Athenkosi Tsotsi Sports Reporter
Shakes Mashaba and Malombo Lechaba handing over a memorandum of demands to SAFA's Lydia Monyepao.
Shakes Mashaba and Malombo Lechaba handing over a memorandum of demands to SAFA's Lydia Monyepao.
Image: Thulani Mbele

Former Bafana Bafana coach Shakes Mashaba yesterday led a group picked by Gauteng Masters and Legends, an organisation of retired footballers, to Safa House where they delivered a memorandum of grievances addressed to Fifa. 

About 1,200 people joined the largely peaceful protest that was observed by a group of police officers.

Mashaba, the chair of the Gauteng Masters and Legends,  walked into his former employer's offices flanked by his executives, demanding that their memorandum be received by a Fifa representative.

At the end Mashaba spoke to David Fani from the Fifa development structures on the phone.

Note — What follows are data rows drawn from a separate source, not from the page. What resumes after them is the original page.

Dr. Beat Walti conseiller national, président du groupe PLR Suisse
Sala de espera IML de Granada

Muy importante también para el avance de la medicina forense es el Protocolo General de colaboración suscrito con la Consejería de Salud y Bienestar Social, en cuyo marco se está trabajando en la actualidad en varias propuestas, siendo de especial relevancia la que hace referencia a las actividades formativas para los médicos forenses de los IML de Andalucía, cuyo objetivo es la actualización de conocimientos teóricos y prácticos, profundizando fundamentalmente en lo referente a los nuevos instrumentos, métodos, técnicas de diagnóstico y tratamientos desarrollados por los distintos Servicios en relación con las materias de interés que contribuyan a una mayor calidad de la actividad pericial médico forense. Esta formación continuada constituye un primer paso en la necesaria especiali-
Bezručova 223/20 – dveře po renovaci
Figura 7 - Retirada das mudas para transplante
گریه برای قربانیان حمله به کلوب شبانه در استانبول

In the absence of Fani at Safa House, COO Lydia Monyepao accepted the memo. She read its contents with the nine grievances, including matters of SA Masters and Legends Football Association (SAMLFA), the Siyaya broadcast contract, latest amendments to the Safa constitution and what they described as a bloated executive.

The group also demanded that former players be involved in the Safa structures. They  also queried the R20.8m reportedly paid to Safa national executive committee members. 

"I received the memorandum on behalf of Fifa after speaking to David Fani. The memorandum is from Gauteng [chapter of] SAMLFA addressing several grievances. We as Safa, we're just in the position of receiving the memorandum on behalf of Fifa and making sure it reaches the relevant hands," Monyepao said. 

Protesters included former Safa CEO Dennis Mumble. 

"I came here to support their [ex-players'] call for a more structured recognition by the association. I think they have the right to respond to this notion that they must serve 10 years first in the LFA to be recognised as key role players in the game," Mumble said.

"It's about time we recognise them, not necessarily to become NEC members but there are committees where these guys can positively contribute to the growth of the game."